For us, we wanted a place with a kitchenette so that we could do breakfasts and certain meals in house. This is why we chose short rental apartments instead of a hotel (also much cheaper!!). This way we could grab something to heat up in the apartment for dinner on our way home and Tommy didn’t have to sit through too many restaurant meals.

Since we also cloth diaper, it was very nice to have a washer/dryer in the apartment as I could do laundry whenever needed, I did clothes and diapers on alternating days. This also means that when we came back, I didn’t have a huge pile of dirty clothes to wash! I brought detergent pods in my checked baggage so I wouldn’t have to buy some there and to make sure I knew what I was doing and not using unknown to me detergent. (Maybe not important for clothes, but for diapers, next to little bums, it’s important to not have residue or use something that is irritating!)

Going out day-to-day and daily schedules

Going with the flow and being flexible here proved essential, not only because of babies and jet lag but also because you never know what that toddler will suddenly find fascinating!!

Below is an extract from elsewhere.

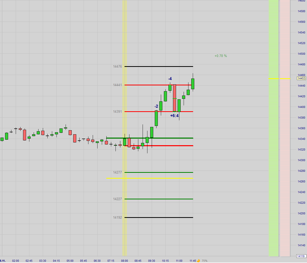 Ab 12h bis zur Eröffnung der US Börse eine Umkehr unwahrscheinlich. So bildet sich der Setup 4.

For the first few days we let Tommy sleep in and went out mid-morning. We would have lunch out and then we would come back to the apartment mid-afternoon where Tommy would have a nap and then we would go out again for a short jaunt just around the neighbourhood to get food. We would eat in the apartment and go to bed whenever the sleep cues showed up. This routine mostly stayed the same except that Tommy started getting up earlier, closer to his normal wake-up time and we would go out earlier in the day after breakfast. Tommy would typically fall asleep in the stroller for about half an hour mid-morning.

On our explorations, we would inevitably get side tracked by a park, a fountain, some random thing like a tractor in Green Park! So not having to be anywhere at any particular time was a great way for us to explore London with no stress. I highly suggest not over-booking yourself, having a toddler mid-tantrum somewhere you paid to get into is not fun!